Saturday, July 11, 2015

How Do You Teach Social Media to Kids? A Proven Project

Hi all you K-12 teachers... and those of you who are just curious.

You know social media is prevalent for our digital native kids.  Do we just hope that parents are teaching our budding society about what social media is... the safety... the ethics?  HECK NO!

As you know, I teach kids.  I grappled with how to teach social media in a relatively short time frame without being the "sage on the stage."  Frankly, my kids know more than me.  So, I make them the teachers.

Here is a project I created and used with 125 fifth grade students per year for the past 4 years.  The kids love it!

This blog is an overview - not a lesson plan.  My model is linked below because I don't have releases from the kids to publish their projects on YouTube.  It's not as great as some of the kid vids, sorry.

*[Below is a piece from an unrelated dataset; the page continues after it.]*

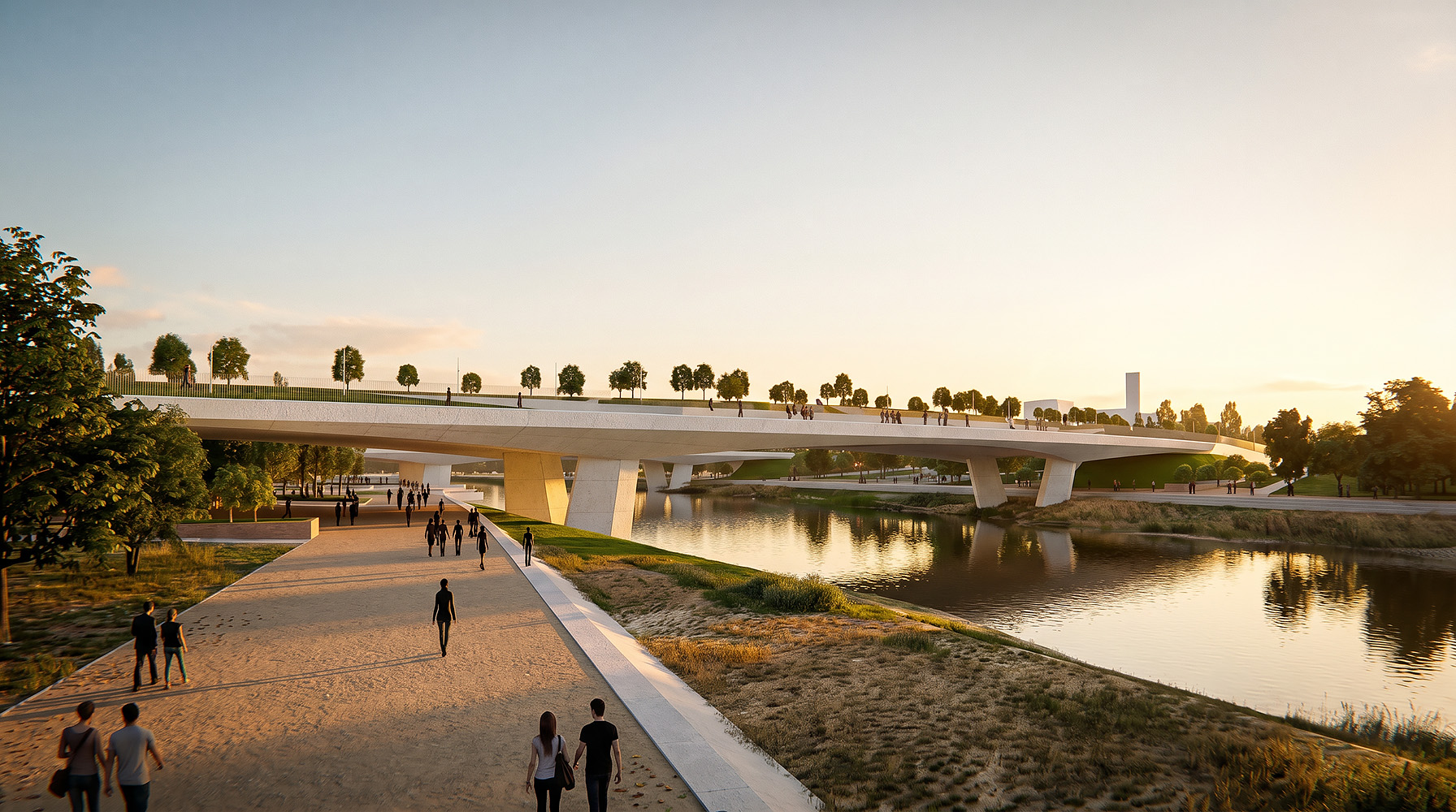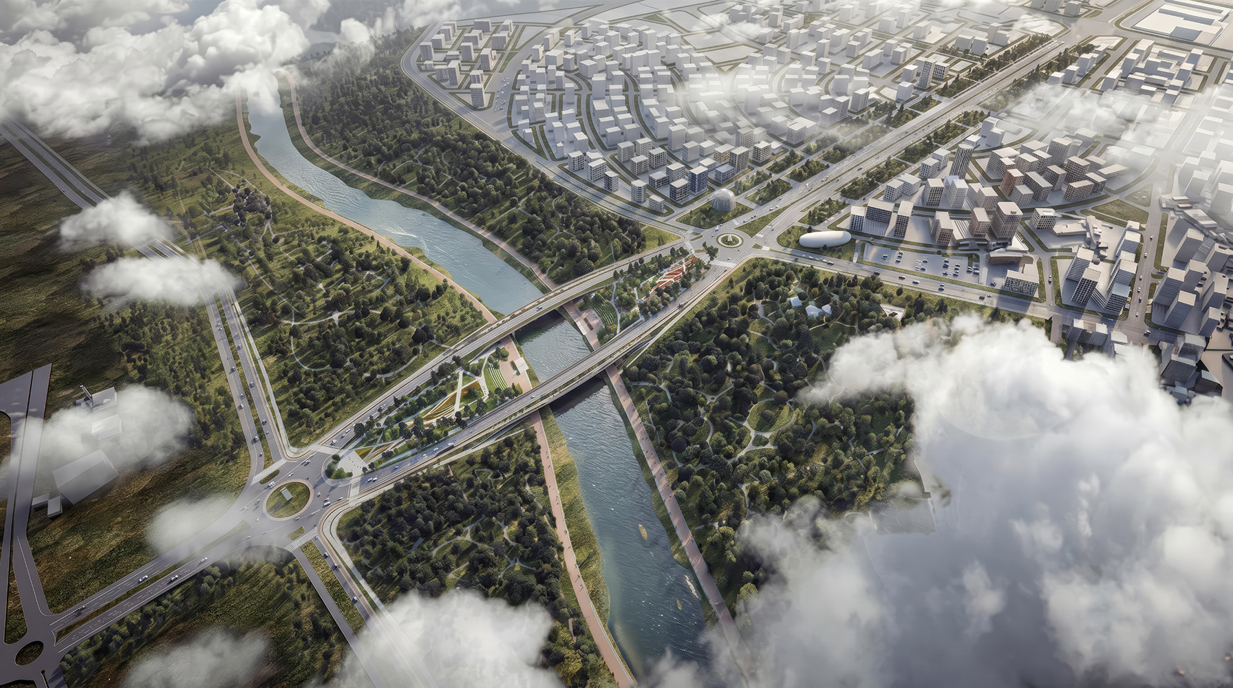 Seçilen köprü yeri, Sivas'ın ve Sivaslı'nın Kızılırmak ile buluşacağı önemli bir alanı tanımlamaktadır. Bu noktadan hareketle bu alanın salt karayolu ile değil, kentsel bir mekan olan meydan ve park ile tanımlanması projenin en belirgin tasarım kararıdır. PROJE, KÖPRÜNÜN YAKIN ÇEVRESİ VE KIZILIRMAK KIYISIYLA KURDUĞU FİZİKSEL ETKİLEŞİMLERİN KENTSEL MEKANA DÖNÜŞMESİ ÖNERİSİDİR. Projede benimsenen kararlar ile Recep Tayyip Erdoğan Bulvarı’ndan yaklaşımda beklenen kavşak, yol ve köprü algısı, kentsel bir park algısıyla yer değiştirmiştir. Kızılırmak kıyı hattı boyunca devam etmesi öngörülen rekreatif kentsel aksı ağırlık altına almayacak ve kullanım sürekliliğini kesmeyecek bir köprü, dolayısıyla '' köprü altı'' genişliği elde etmek adına, köprünün gidiş ve geliş kolları birbirinden ayrılmıştır. Ayrılan bu iki kol arasına yerleşen kıyı meydanları ve parklar nehrin iki yakasında da Sivas'ın Kızılırmak ile kesiştiği noktayı şekillendirmiştir. Genişliği 120 metreyi bulan, sınırları net tanımlanmış, tamamı ile tasarlanmış yaşam içeren yeşil mekan kurgusu, kent için odak noktası olma hedefinde ve niteliğindedir. Nehrin iki kıyısında bulunan ve kıyı kullanımını destekleyen bu kentsel alanlar birbirlerine köprü kolları üzerinden kurdukları yaya geçişi ve seyir terasları ile bağlanmaktadır. Böylece kıyı kullanıcılarının hem yaratılan meydan ve parkları hem de köprü üst kotundan Kızılırmak ve Sivas manzarasını deneyimlemesi öngörülmüştür. Köprünün her iki kolunun da dış çeperlerinde yer alan sey ir terasları doğu ve batı yönünden de kızılırmak ve sivas manzarasının izlenmesine olanak sağlamaktadır. Köprünün seyir teraslarında aldığı dışbükey form bu izleme aktivitesinin panorama algısına dönüşmesini sağlamaktadır. Araç yolları ve seyir terasları arasına yerleştirilen yeşil bantlar köprünün siluetinin bir topografya hareketine dönüşmesini sağladığı gibi aynı zamanda bu bölgelere ekilmesi öngörülmüş ses kesici çit bitkileri ile yaya ve bisiklet kullanımına ayrılmış mekanların fiziksel ve görsel açıdan birbirinden ayrılması hedeflenmiştir. Seçilen bölgede kızılırmak genişliğinin 95 metre civarında olması ve Kızılırmak su seviyesinin yaz aylarında azalıp nehir tabanının ortaya çıkması betonarme kalıp sistemlerini kolaylıkla kurabilme imkanı sağlamaktadır. Bu durum ard-gerilmeli betonarme sistem için optimum şartları sağlamaktadır. İki köprü ayağı arası mesafe 95m olarak belirlenmiş. Kızılrmak kıyısında olacağı ön görülen kıyı dolaşım aksının kesilmemesi için köprüler 45’er metre daha iki yakada da ötelenmiştir. Oturma, seyir terası kullanımı, yaya ve bisiklet dolaşımı, raylı sistem gibi farklı işlevsel kullanımlarının bir arada kullanıldığı köprü kollarında, konvansiyonel en-kesitin ters yöne çevrilerek modifiye edilmesiyle yaya ve trafik kullanımları arasında kot farkı sağlanmış ve daha ince bir kesit tipolojisi geliştirilmiştir.

TIP:  Always, always model every digital project.  Don't be afraid.  You learn, too.  It's okay for the kids to do better than you.

GRADE LEVELS:  5-8
  • Survey Their Knowledge - Create a live survey with the kids in Survey Monkey.  Brainstorm all the social media they can think of: topics and 3 examples of each.  
    • Immediacy is critical to motivation.  Launch the survey and have the kids participate during that class period. View the results.  I used a shared folder on the desktop to distribute the link to multiple computers.  
Try out this copy of a real survey made by kids.  I'll publish your results in another blog.  It's completely anonymous.  Only check items if you have personally published; it does not count if you only view other people's work.  Social Media Survey - Try It Out

  • Draft a Topic Question:  Group kids by a social media they all have tried and at least one person has published to.  Groups then draft a focus question:
    • Easy:  What is ____________?
    • Medium:  How or why questions that you know from experience
    • Hard:  Requires additional research from authoritative sources



  • Plan and Storyboard:  The plan includes a kid-created definition and two details.  Research if necessary. Then the kids storyboard and collect "Free to Use or Share" images via Google Images and record all sources on a Word Document.

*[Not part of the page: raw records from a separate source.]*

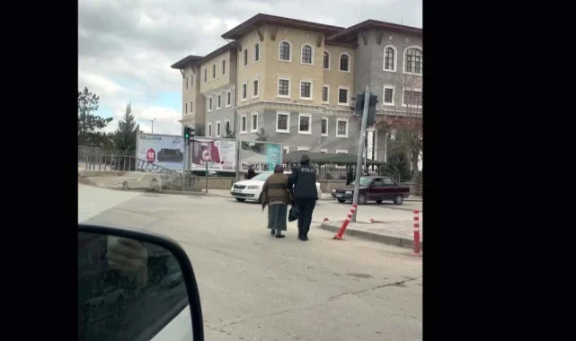 Yozgat'ın Yerköy ilçesinde yolun karşısına geçmeye çalışan yaşlı kadına polis yardımcı oldu.
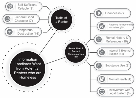 Some landlords desired information that was linked to the character and/or personality of a renter. More than half of the responses under this category were connected to self-sufficiency or reliability. Landlords were concerned with ability and willingness to follow through with rent payments: “I would want to know that they could pay rent…it’s not about the homelessness or really anything that they have done in the past if they are a renter that are improving themselves” (Participant 2). Some landlords were interested in the attitude of the renter towards their situation, such as Participant 16 who said they needed “evidence of significant personal effort to take advantage of opportunities to change their circumstance”. Others vaguely noted that, simply, potential tenants should have “good character”, such as being honest or trustworthiness, but in most cases the definition of good character was not clear. However, a few landlords mentioned wanting to meet face-to-face to make a judgement. Of all the character-related responses, several landlords expressed apprehension connected to individuals who were homeless being destructive and dangerous, and they wanted to protect their property and other tenants.
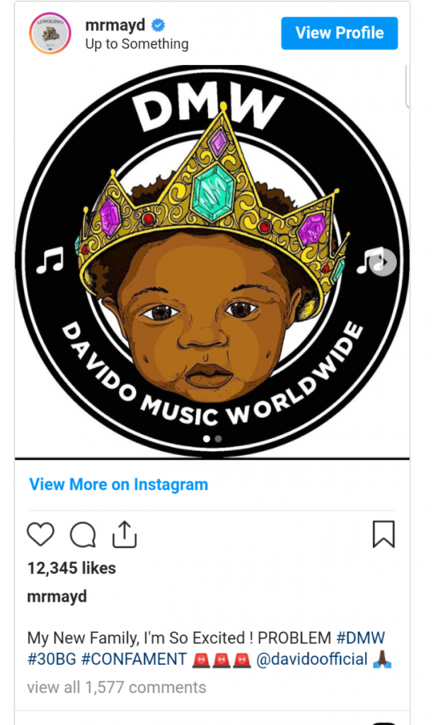 Nigerian singer, songwriter, and dancer, Akinmayokun Awodumila, popularly known as May D, has joined Davido Music World Wide, DMW label.
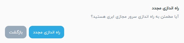 راهاندازی مجدد: زمانی که به هر دلیلی نیاز به راهاندازی دوباره سرور خود دارید، از این گزینه استفاده کنید. سرور شما بهصورت نرم افزاری دوباره راهاندازی میشود. پس از انتخاب گزینه راهاندازی مجدد از منوی عملیات، در پنجره جدید گزینهی راهاندازی مجدد را تایید کنید.
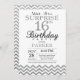 Überraschung 16. Geburtstag Einladung mit Silver Glitzer Zickzack. Schwarzer und Silberner Glitzer.Kindergeburtstag. Junge oder Girl Bday Invite.

  • "Flip" Your Instruction:  Using images and voice over, students create an instructional video on their social media topic.   Break the directions into 3 parts and use Camtasia to film the directions.  Groups watch each video and follow the steps.  
    • Videos provide instruction "at the point of need."  Groups progress through video production at different rates.  Kids will never remember your whole group instruction when they get to the computer.
    • Videos allow students to pause and follow each step, or to re-watch as needed.  
    • Videos free the teacher to circulate and help groups.  
    • Learning technology from YouTube videos in an important life skill.



  • View, Rate, and Celebrate:  Watch all student videos for an overview of social media.  Groups rate each video on content, communication, and creativity via a Kahoot survey on ipads.